Este processo também ajuda a explicar um tipo de alteração que o ouvinte ou observador pode fazer em seu ambiente por meio de uma "instrução", ou seja, um indivíduo pode emitir certos tipos de resposta, verbais e não verbais, por causa dos estímulos verbais que ocorrem em condições específicas. Assim, um falante informa um ouvinte sobre como agir em determinada situação e caso o ouvinte se comporte como foi instruído, diz-se que ele agora sabe algo que não sabia sobre o evento em questão. Por exemplo, se um ouvinte recebe a informação “Hoje é sexta-feira 13 e há gatos pretos na vizinhança, cuidado com o azar”, esta instrução permite que ele saiba, conheça e altere seus comportamentos em decorrência do que foi instruído. Porém, há outros fatores que podem afetar o comportamento do ouvinte em seguir certas instruções. Um destes fatores é o prestígio do falante ou a crença do ouvinte em relação ao que o falante diz.

Considerações Finais



Por meio destas descrições do fenômeno verbal autoclítico, podemos então entendê-lo como um operante verbal que, após estimulação auditiva ou visual, encoberta ou não, visa articular e organizar uma resposta verbal, sonora ou motora, e que seu controle dependerá das relações contextuais presentes no episódio verbal. É importante notar que esta categoria também aponta o falante como ouvinte de si mesmo. Nesta unidade, Skinner (1957) busca atribuir ao autoclítico uma característica peculiar do comportamento verbal que, mesmo sendo explicado por meio de aspectos gramaticais e sintáticos, também é aprendido e mantido pela comunidade verbal.

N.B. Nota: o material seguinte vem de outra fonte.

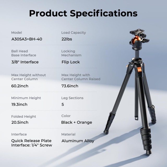 El K&F Concept A305A3+BH-40 es un trípode de aluminio compacto y ligero diseñado para fotógrafos y creadores de contenido que necesitan estabilidad, versatilidad y portabilidad. Está equipado con una rótula de 40 mm, giro panorámico de 360° y columna central ajustable, y es compatible con cámaras, smartphones y tabletas para viajes, estudio…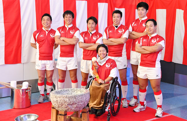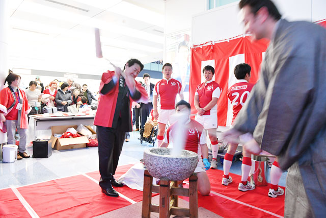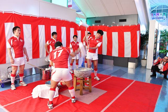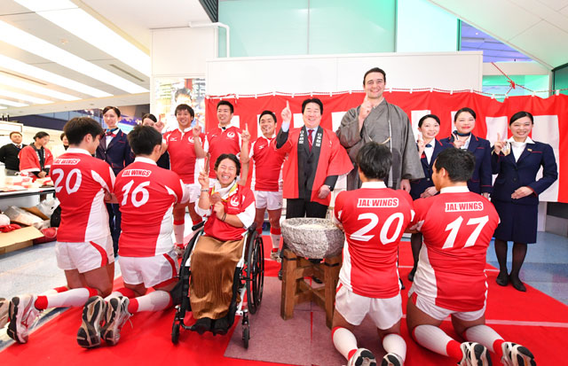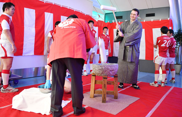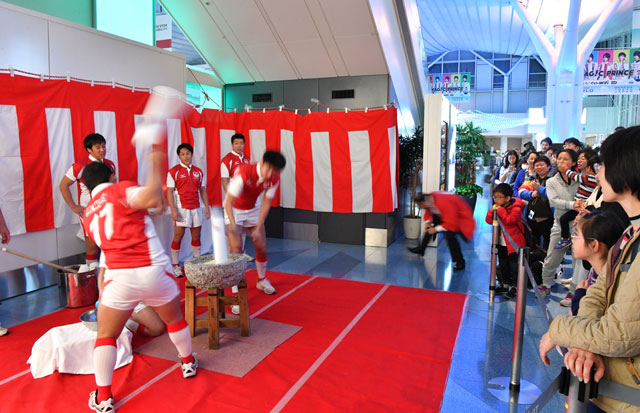 羽田空港で杵を振るった上地選手とJALラグビー部「JAL WINGS」の部員=16年12月31日 PHOTO: Tadayuki YOSHIKAWA/Aviation Wire

*Texto desenvolvido a partir do aprendizado na disciplina Comportamento Verbal do Programa de Pós-Graduação em Ciências do Comportamento da UNB.


Referências

Skinner, B. F. (1957). Verbal Behavior. Cambridge, Massachusetts: B. F. Skinner Foudation.
Souza, C. B. A., Miccione, M. M. & Assis, G. J. A. (2009). Relações autoclíticas, gramática e sintaxe: O tratamento skinneriano e as propostas de Place e Stemmer. Arquivos Brasileiros de Psicologia, 61 (1). Retirado de http://seer.psicologia.ufrj.br/index.php/abp/article/view/186/301 em 13 de junho de 2014.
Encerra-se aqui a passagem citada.